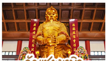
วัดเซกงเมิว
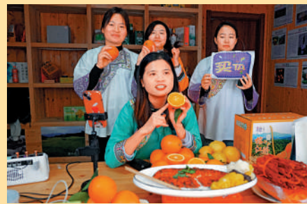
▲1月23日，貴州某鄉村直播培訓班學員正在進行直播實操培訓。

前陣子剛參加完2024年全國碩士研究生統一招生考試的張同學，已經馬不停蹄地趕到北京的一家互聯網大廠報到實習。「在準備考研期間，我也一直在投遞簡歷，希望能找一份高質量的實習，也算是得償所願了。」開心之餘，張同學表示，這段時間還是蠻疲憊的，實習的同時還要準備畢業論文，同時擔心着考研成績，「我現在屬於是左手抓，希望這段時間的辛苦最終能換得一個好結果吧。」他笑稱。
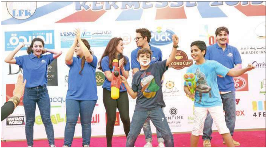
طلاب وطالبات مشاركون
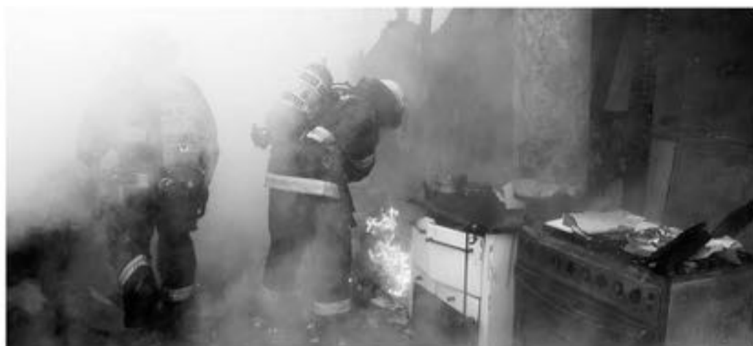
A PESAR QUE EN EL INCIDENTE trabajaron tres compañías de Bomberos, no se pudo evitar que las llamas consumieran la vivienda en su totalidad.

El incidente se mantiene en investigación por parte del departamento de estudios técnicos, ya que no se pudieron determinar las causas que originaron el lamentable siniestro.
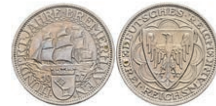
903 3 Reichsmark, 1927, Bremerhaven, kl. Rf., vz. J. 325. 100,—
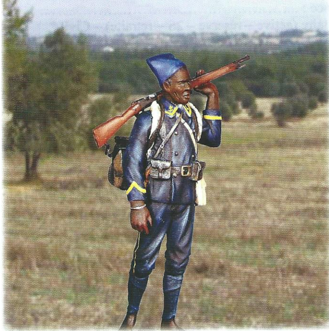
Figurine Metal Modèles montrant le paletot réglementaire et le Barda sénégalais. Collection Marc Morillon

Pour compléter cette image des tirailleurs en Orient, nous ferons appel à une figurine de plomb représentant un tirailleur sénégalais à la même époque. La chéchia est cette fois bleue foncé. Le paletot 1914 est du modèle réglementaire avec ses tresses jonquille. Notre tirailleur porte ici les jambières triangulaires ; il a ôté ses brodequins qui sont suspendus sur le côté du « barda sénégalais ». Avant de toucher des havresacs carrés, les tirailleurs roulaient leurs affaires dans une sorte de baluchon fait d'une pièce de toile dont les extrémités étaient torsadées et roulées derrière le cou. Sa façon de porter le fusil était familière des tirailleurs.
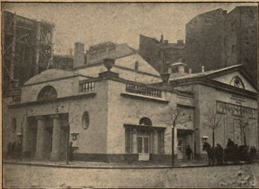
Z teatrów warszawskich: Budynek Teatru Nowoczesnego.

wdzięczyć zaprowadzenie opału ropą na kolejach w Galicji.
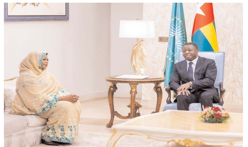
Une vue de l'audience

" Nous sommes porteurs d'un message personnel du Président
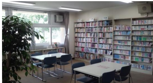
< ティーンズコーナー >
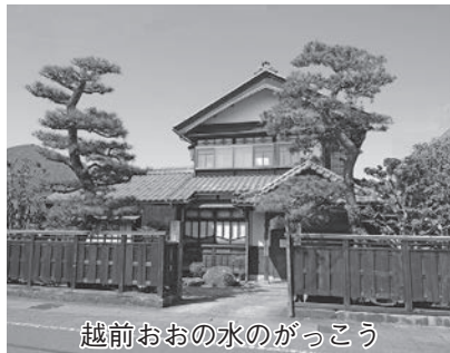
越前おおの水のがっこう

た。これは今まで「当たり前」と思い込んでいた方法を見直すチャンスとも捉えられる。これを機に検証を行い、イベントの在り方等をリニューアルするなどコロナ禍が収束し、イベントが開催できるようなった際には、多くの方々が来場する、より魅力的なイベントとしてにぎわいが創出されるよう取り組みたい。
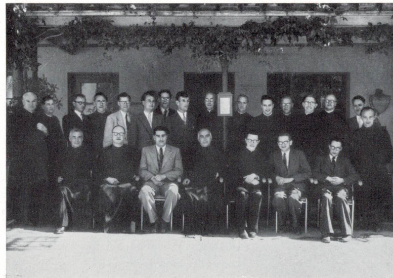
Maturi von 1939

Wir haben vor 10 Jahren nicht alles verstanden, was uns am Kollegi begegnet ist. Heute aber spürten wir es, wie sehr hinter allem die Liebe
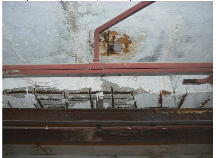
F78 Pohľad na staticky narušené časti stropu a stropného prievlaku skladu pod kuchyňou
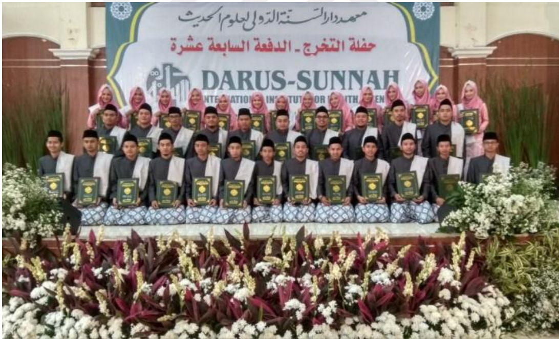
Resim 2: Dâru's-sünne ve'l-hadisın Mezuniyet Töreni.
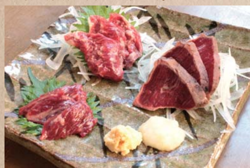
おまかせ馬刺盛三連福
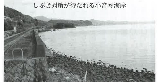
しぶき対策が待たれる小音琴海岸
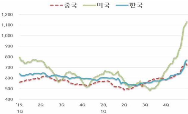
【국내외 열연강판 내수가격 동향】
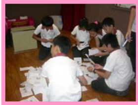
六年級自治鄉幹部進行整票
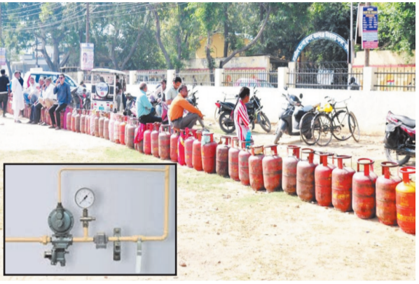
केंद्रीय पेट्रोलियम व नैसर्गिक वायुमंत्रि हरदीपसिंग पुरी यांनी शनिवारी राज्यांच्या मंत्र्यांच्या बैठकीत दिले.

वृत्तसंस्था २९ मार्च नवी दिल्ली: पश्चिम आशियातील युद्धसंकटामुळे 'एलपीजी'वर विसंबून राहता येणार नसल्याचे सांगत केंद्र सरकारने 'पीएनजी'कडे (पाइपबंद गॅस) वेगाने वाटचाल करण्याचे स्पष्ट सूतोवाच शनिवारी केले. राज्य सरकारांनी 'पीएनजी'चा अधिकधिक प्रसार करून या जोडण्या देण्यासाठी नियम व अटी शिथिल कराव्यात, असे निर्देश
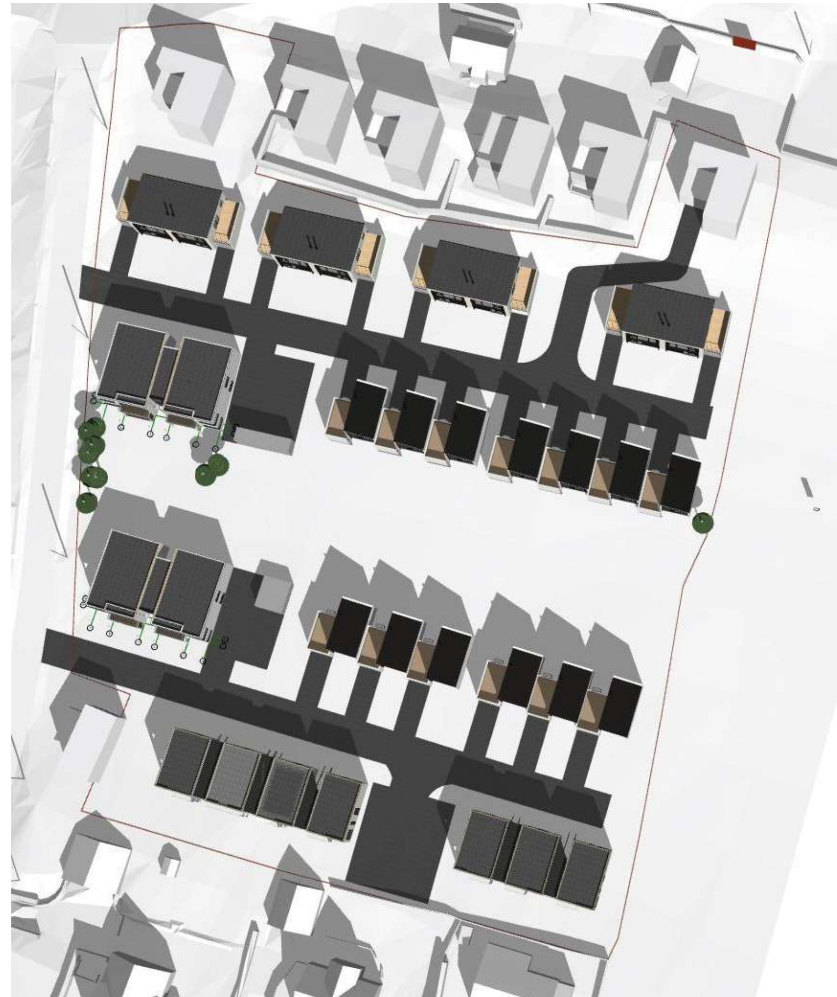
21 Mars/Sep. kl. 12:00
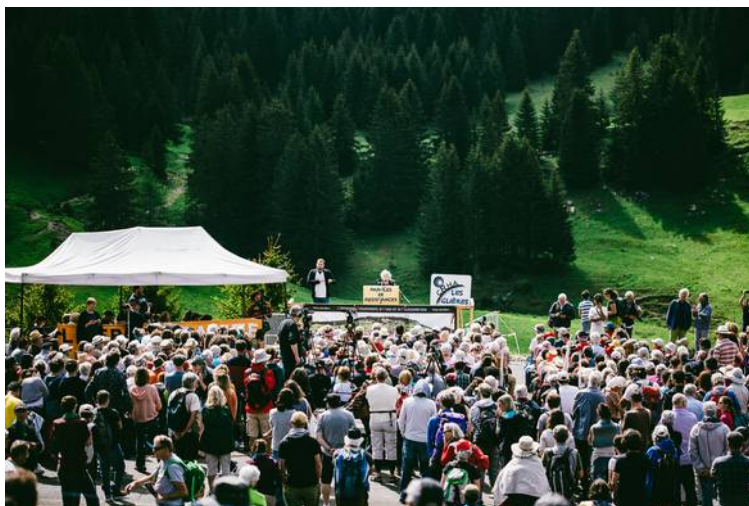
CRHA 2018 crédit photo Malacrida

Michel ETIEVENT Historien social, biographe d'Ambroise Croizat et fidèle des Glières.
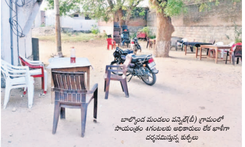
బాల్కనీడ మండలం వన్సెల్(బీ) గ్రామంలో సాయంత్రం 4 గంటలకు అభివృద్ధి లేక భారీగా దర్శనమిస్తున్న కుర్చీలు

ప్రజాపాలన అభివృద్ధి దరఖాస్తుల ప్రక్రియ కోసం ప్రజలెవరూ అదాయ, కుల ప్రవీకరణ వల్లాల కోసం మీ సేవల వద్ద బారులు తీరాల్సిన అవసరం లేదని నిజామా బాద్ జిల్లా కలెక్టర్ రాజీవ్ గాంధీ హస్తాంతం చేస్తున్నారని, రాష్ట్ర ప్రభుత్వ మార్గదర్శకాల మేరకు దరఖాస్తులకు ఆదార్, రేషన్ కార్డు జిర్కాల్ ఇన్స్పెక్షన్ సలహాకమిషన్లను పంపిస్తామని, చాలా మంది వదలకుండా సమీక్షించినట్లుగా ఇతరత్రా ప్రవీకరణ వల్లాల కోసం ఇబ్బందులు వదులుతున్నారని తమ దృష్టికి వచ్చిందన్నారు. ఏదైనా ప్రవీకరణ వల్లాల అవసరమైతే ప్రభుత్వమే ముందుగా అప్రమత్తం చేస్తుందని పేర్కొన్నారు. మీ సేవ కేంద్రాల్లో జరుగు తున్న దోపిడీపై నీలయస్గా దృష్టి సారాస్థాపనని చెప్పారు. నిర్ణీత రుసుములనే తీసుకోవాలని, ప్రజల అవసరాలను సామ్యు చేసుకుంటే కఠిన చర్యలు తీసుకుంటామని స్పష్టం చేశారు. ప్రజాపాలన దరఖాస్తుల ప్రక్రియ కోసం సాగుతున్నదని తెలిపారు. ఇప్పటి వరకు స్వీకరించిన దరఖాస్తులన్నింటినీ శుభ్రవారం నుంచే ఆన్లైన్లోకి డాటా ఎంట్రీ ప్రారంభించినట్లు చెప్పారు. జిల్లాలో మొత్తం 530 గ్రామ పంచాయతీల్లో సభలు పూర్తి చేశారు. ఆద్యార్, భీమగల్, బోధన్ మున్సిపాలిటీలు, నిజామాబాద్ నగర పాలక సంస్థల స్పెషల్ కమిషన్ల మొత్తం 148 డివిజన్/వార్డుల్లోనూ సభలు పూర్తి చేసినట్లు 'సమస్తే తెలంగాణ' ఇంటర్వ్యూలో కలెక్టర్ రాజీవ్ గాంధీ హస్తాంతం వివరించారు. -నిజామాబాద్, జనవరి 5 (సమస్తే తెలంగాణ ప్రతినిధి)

● ● ● ●

# Directions
Only the lines above from the one with "越前おおの水のがっこう" to the one with "CRHA 2018 crédit photo Malacrida" should be printed, both included and exactly as written; no picture belongs in the copy.

# Answer to the problem
越前おおの水のがっこう

た。これは今まで「当たり前」と思い込んでいた方法を見直すチャンスとも捉えられる。これを機に検証を行い、イベントの在り方等をリニューアルするなどコロナ禍が収束し、イベントが開催できるようなった際には、多くの方々が来場する、より魅力的なイベントとしてにぎわいが創出されるよう取り組みたい。
Maturi von 1939

Wir haben vor 10 Jahren nicht alles verstanden, was uns am Kollegi begegnet ist. Heute aber spürten wir es, wie sehr hinter allem die Liebe
F78 Pohľad na staticky narušené časti stropu a stropného prievlaku skladu pod kuchyňou
Resim 2: Dâru's-sünne ve'l-hadisın Mezuniyet Töreni.
おまかせ馬刺盛三連福
しぶき対策が待たれる小音琴海岸
【국내외 열연강판 내수가격 동향】
六年級自治鄉幹部進行整票
केंद्रीय पेट्रोलियम व नैसर्गिक वायुमंत्रि हरदीपसिंग पुरी यांनी शनिवारी राज्यांच्या मंत्र्यांच्या बैठकीत दिले.

वृत्तसंस्था २९ मार्च नवी दिल्ली: पश्चिम आशियातील युद्धसंकटामुळे 'एलपीजी'वर विसंबून राहता येणार नसल्याचे सांगत केंद्र सरकारने 'पीएनजी'कडे (पाइपबंद गॅस) वेगाने वाटचाल करण्याचे स्पष्ट सूतोवाच शनिवारी केले. राज्य सरकारांनी 'पीएनजी'चा अधिकधिक प्रसार करून या जोडण्या देण्यासाठी नियम व अटी शिथिल कराव्यात, असे निर्देश
21 Mars/Sep. kl. 12:00
CRHA 2018 crédit photo Malacrida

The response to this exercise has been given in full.